Take the case of chemicals maker Huntsman. Anticipating a long global recession, the company recently sought relaxation of a maintenance covenant in its $650 million revolver, despite not being in violation. The lenders agreed to increase the loan’s senior secured leverage ratio for a year starting in June, but Huntsman had to pay 50 basis points and a 225 basis points increase in the LIBOR spread.
A Margin for Error
If a breach is a minor one — a mere “foot-fault,” as Credit Suisse’s Moran says — the bank may waive it and await the business’s recovery for a quarter or two. Or it could grant a temporary forbearance. After all, as much as lenders like financial covenants, they also want to deploy capital.
A few years ago, Ed Cordell, now vice president of finance at Given Imaging, a medical-device maker, took over as CFO of a highly leveraged LBO company. The retail-equipment maker had already tripped covenants, but the CEO thought it could work with the banks to negotiate amendments within six months. The forecasted revenue growth in the company’s three-year plan never materialized, however, causing the company to be plagued with covenant problems for two years.
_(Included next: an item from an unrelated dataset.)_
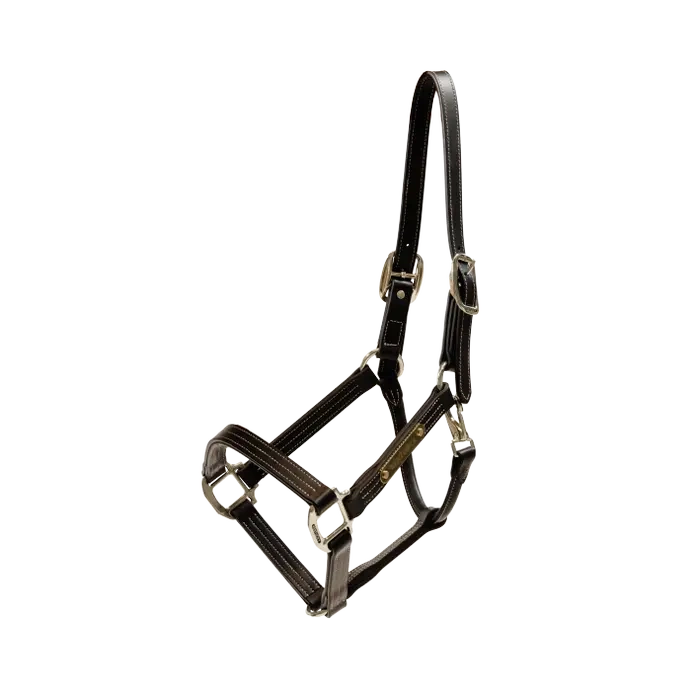 Dzięki złotym zapięciom i stylowej płytce z możliwością graweru kantar zyskuje wyjątkowy charakter.

Still, the banks didn’t call the loan or seize assets.
“Sometimes a bank will ride it out,” says Cordell. “Our banks didn’t want to incur the legal cost of amending the covenants until they got a plan that was achievable.” Based in the United Kingdom and France, the banks also were loath to take over the operations of a U.S. company.
Looking back, Cordell wishes he had scrutinized the three-year plan more closely. “When you go in with an operating plan, you have to have a high degree of confidence you can hit it,” he says, “so that the bank doesn’t set the covenants without room for execution error.”
“We want to give borrowers enough cushion to run their businesses,” says Moran. That cushion in financial ratios is usually 15% to 20% below the projection. If a CFO says he can produce $100 million EBITDA, the covenant shouldn’t be much above $80 million. But if a company habitually misses its covenants and comes back two and three times for a reset, “a fatigue factor sets in,” Moran says. “Then we start setting the covenants tighter.”
Make New Friends
For a company with cash flow and liquidity, it’s possible to push back against the bank’s offer, says Walenta. Even if the company doesn’t win, it does get its objections on record. If a company has to play ball with its existing syndicate, it should at least “make them feel a little pain in the negotiation,” Walenta says — especially if the lenders’ decreased appetite for risk is one of the drivers of an amendment. “Make the banks remember that when the world returns to normal, you want to renegotiate [the agreement].”
Don’t be too adversarial, though. Communication is what’s critical, on both sides, says KeyBank’s Mack. “The more you know each other, the less of a surprise it is going to be. That creates a much stronger relationship, and allows for more flexibility.”
Of course, that assumes the lenders want a relationship. “Are there aggressive hedge funds, which will seek to maximize yield, or relationship commercial banks that would be more reasonable?” asks Dana Klein, managing director in syndicated-loan capital markets at Credit Suisse. Some investors look forward to a covenant default so they can raise interest rates, Moran says. That causes the loan to trade better and increases the return to investors.
Avoiding those lenders, and building ties to syndicate members other than the loan administrator, are advisable when a facility is first signed. By the time a covenant is tripped, it’s too late. “This is exactly the environment where you may regret being with a syndicate you have no history with,” Walenta says. “If you’ve been much more transactional in your dealings with banks, you may find that you don’t have as many friends in the banking world as you thought.”
Vincent Ryan is a senior editor at CFO.